P21 Waf1/Cip1 depletion promotes dexamethasone-induced apoptosis in osteoblastic MC3T3-E1 cells by inhibiting the Nrf2/HO-1 pathway

Dexamethasone (Dex), a glucocorticoid with strong anti-inflammatory and immunosuppressive activities, has been shown to exhibit marked cytotoxicity and apoptosis in osteoblasts, but the underlying mechanisms have not yet been comprehensively investigated. P21Waf1/Cip1 (p21) plays a critical role in the regulation of cell cycle progression and apoptosis. The present study aims to investigate the role of p21 in Dex-induced apoptosis in osteoblastic MC3T3-E1 cells, and to explore its mechanisms. Results demonstrated that Dex-induced apoptosis decreased the phosphorylation of Akt in a concentration-dependent manner. Moreover, LY294002, an inhibitor of the PI3K/Akt pathway enhanced the Dex-induced apoptosis of osteoblasts. On the contrary, insulin-like growth factor-1 (IGF-1), an activator of PI3K/Akt, attenuated the apoptosis of Dex in MC3T3-E1 cells.
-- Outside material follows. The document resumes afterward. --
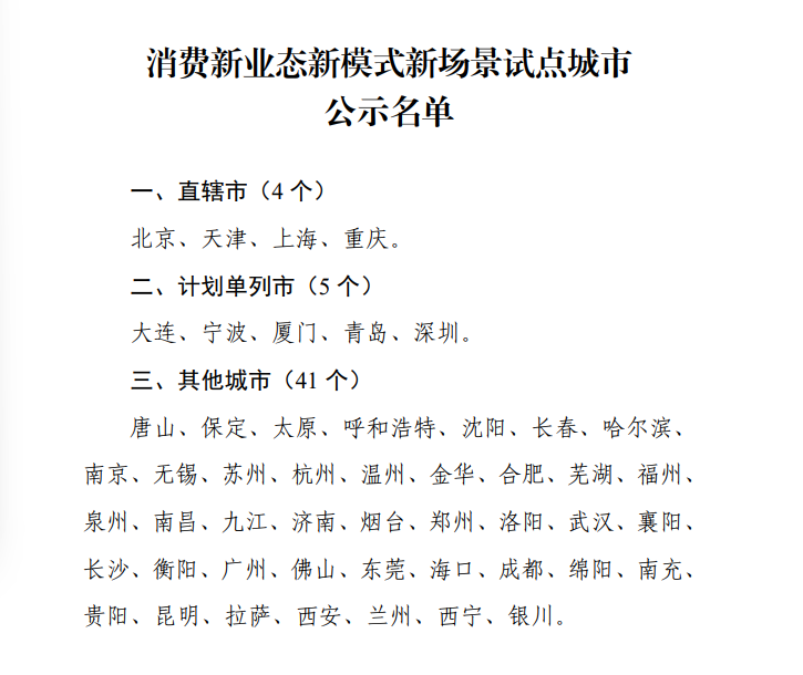 | 近日,商务部、财政部确定全国50个城市为消费新业态新模式新场景试点城市,我省成都市、绵阳市、南充市3市入选,入选数量居中西部省份第1、全国前3,

The protein level of p21 was downregulated by shortening its half-life, which was associated with inhibition of the PI3K/Akt pathway by Dex. Furthermore, depletion of p21 by siRNA enhanced Dex-induced caspase-3 activation and ROS generation, and promoted apoptosis of MC3T3-E1 cells. In addition, suppression of p21 led to a reduction of Dex-induced upregulation of nuclear Nrf2 and heme oxygenase-1 (HO-1) protein levels. These findings demonstrate that p21 depletion promotes Dex-induced apoptosis of MC3T3-E1 cells by inhibiting the antioxidant Nrf2/HO-1 pathway, which highlights the anti-apoptotic effect of p21 in MC3T3-E1 cells.